▶ _DATA BLOCK_
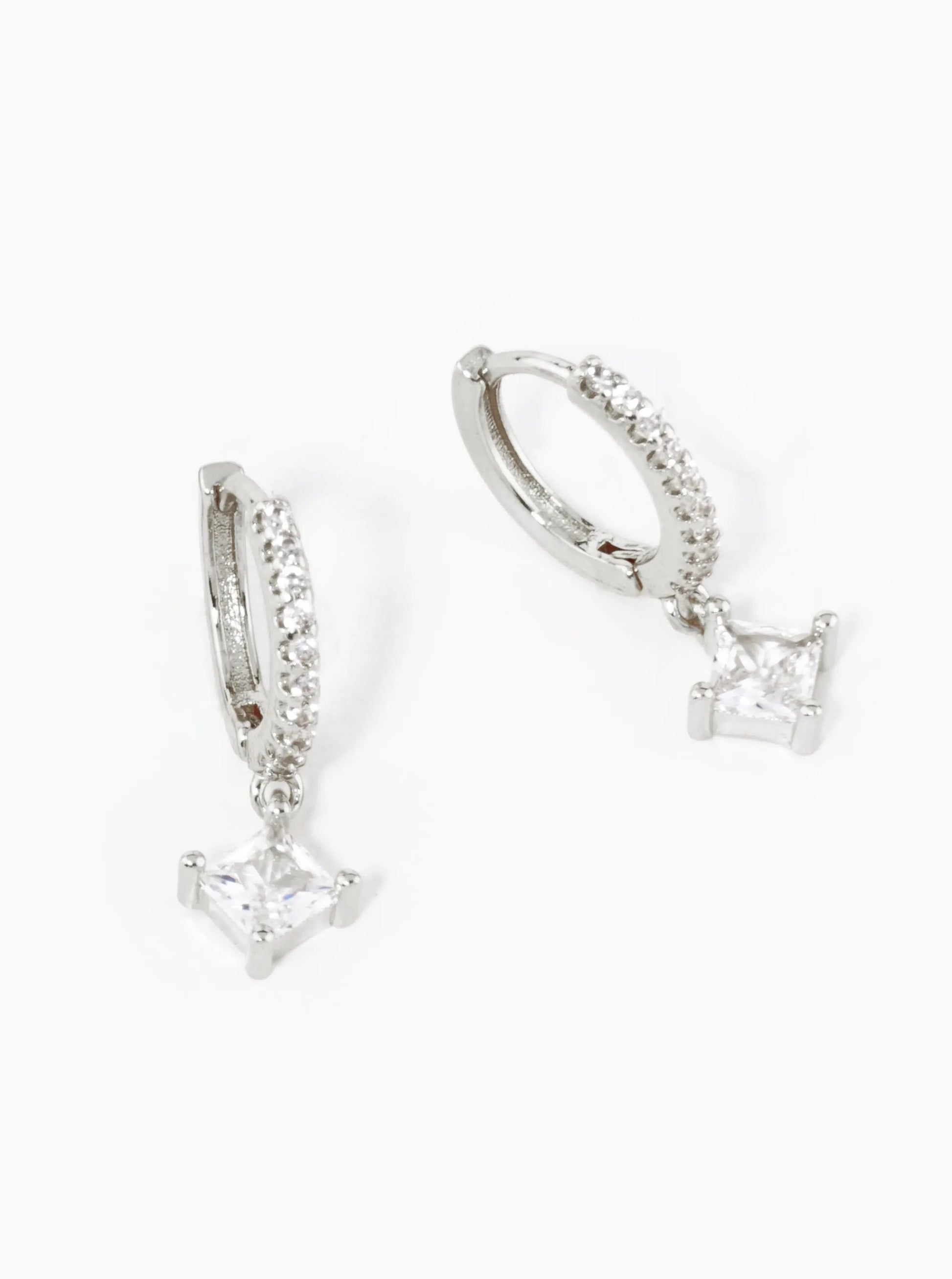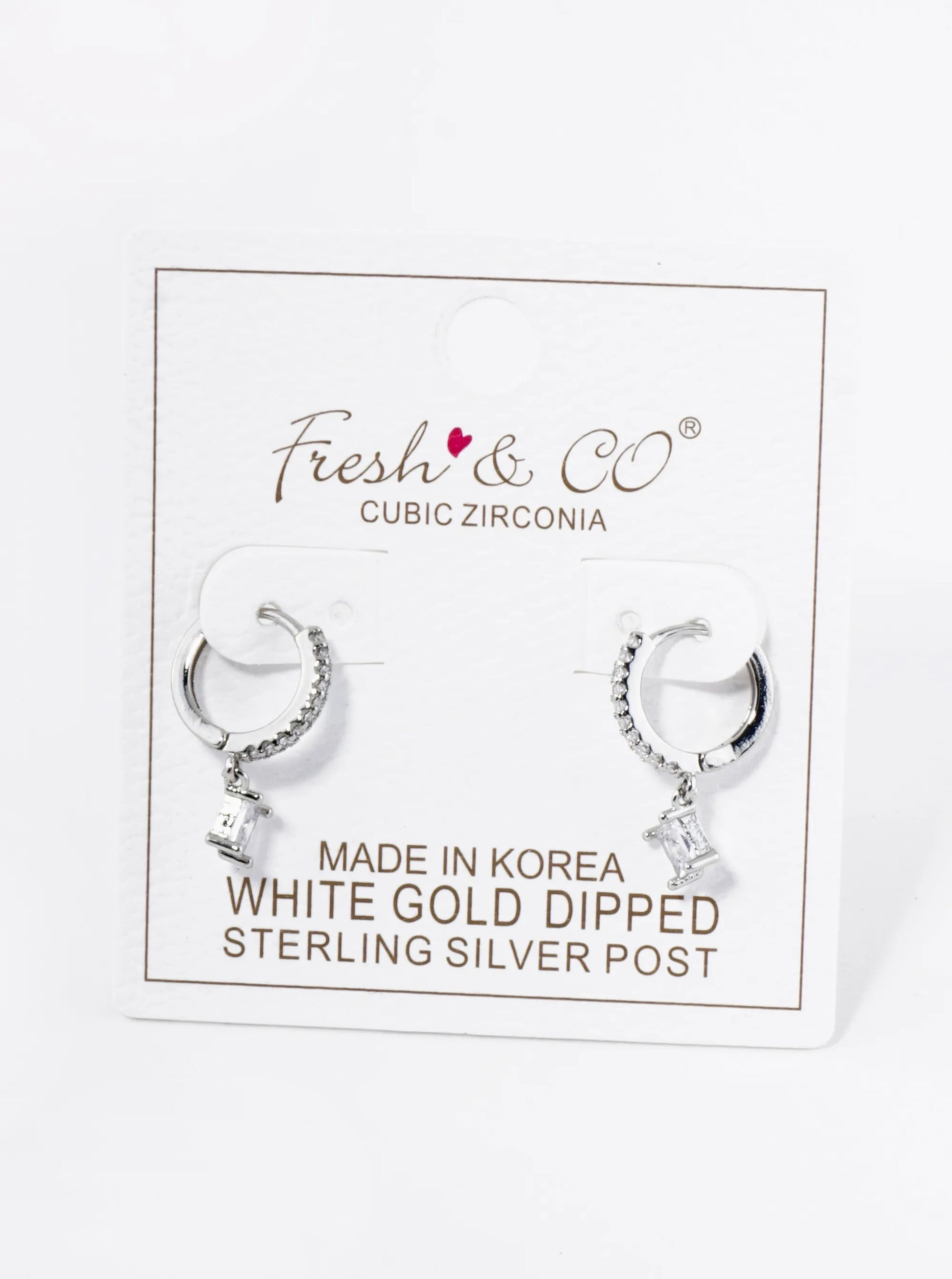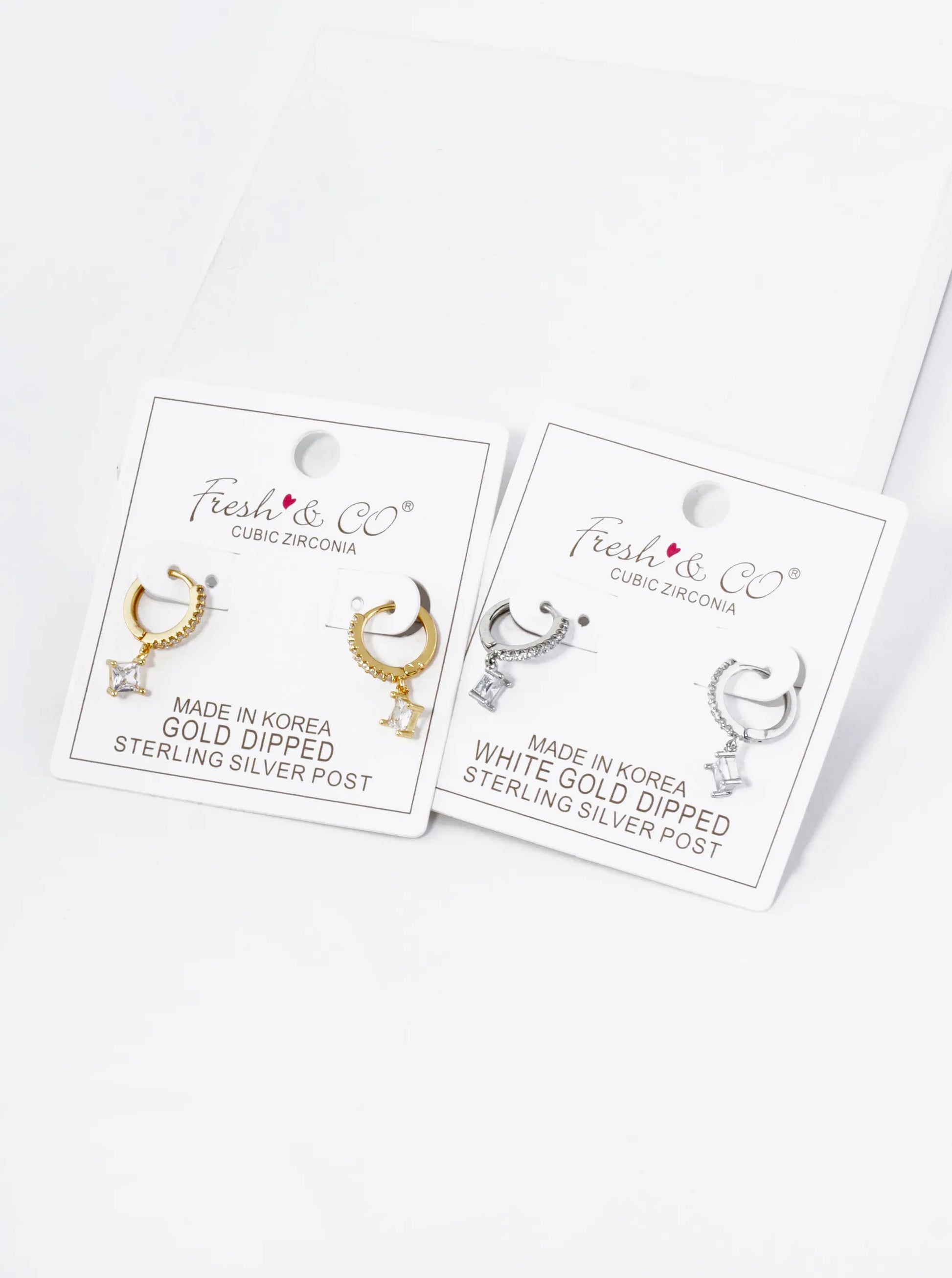 These Earrings Feature A Classic Huggie Hoop Design Adorned With Square-cut Cubic Zirconia Drops. The Cubic Zirconia Stones Are Securely Held In Place By Four-prong Settings, Adding A Modern And Sleek Touch To The Earrings. The Square Shape Of The Cubic Zirconia Stones Adds A Contemporary Edge To The Design, Making These Earrings Both Versatile And Chic.
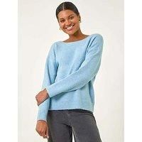 Ribbon Bow Tie Back Jumper from Roman. Add a touch of sweetness to your Autumn/Winter wardrobe with this ribbon tie back jumper. The lovely soft knit features a soft round neckline and long sleeves, perfect for staying cosy during the colder months. The subtle ribbed hem adds a chic touch, while the delicate self tie bow detailing at the back adds a charming twist to this classic piece. Pair with jeans and trainers for a casual yet stylish everyday look! | Roman Women's Ribbon Bow Tie Back Jumper in Blue | Size: 10 - Manufacturers part number: Roman_5063566337183
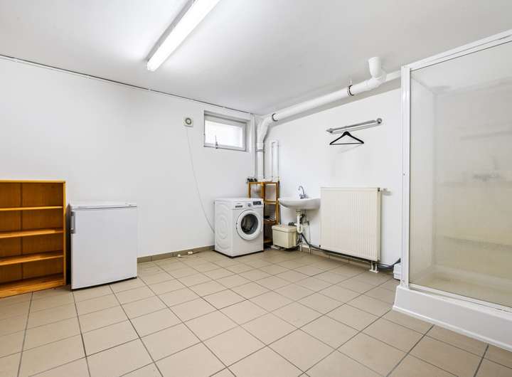 Der geflieste Keller bietet mit einer Deckenhöhe von 2,40m zusätzlichen Wohnkomfort und ist mit einer weißen Wanne gegen Feuchtigkeit geschützt. Der größere Kellerraum (ca. 27m²) bietet sich ideal als Fitnessraum, als Zimmer mit wohnraumähnlicher Nutzung oder als Homeoffice-Möglichkeit an. Der kleinere Kellerraum (ca. 16,50m²) qualifiziert sich als Waschküche und ist mit einer Dusche und einem Waschbecken ausgestattet.

▶ _WORK ITEM_
Leave the pictures out. Otherwise, output the listing above exactly.

▶ _WRITTEN ANSWER_
 These Earrings Feature A Classic Huggie Hoop Design Adorned With Square-cut Cubic Zirconia Drops. The Cubic Zirconia Stones Are Securely Held In Place By Four-prong Settings, Adding A Modern And Sleek Touch To The Earrings. The Square Shape Of The Cubic Zirconia Stones Adds A Contemporary Edge To The Design, Making These Earrings Both Versatile And Chic.
 Ribbon Bow Tie Back Jumper from Roman. Add a touch of sweetness to your Autumn/Winter wardrobe with this ribbon tie back jumper. The lovely soft knit features a soft round neckline and long sleeves, perfect for staying cosy during the colder months. The subtle ribbed hem adds a chic touch, while the delicate self tie bow detailing at the back adds a charming twist to this classic piece. Pair with jeans and trainers for a casual yet stylish everyday look! | Roman Women's Ribbon Bow Tie Back Jumper in Blue | Size: 10 - Manufacturers part number: Roman_5063566337183
 Der geflieste Keller bietet mit einer Deckenhöhe von 2,40m zusätzlichen Wohnkomfort und ist mit einer weißen Wanne gegen Feuchtigkeit geschützt. Der größere Kellerraum (ca. 27m²) bietet sich ideal als Fitnessraum, als Zimmer mit wohnraumähnlicher Nutzung oder als Homeoffice-Möglichkeit an. Der kleinere Kellerraum (ca. 16,50m²) qualifiziert sich als Waschküche und ist mit einer Dusche und einem Waschbecken ausgestattet.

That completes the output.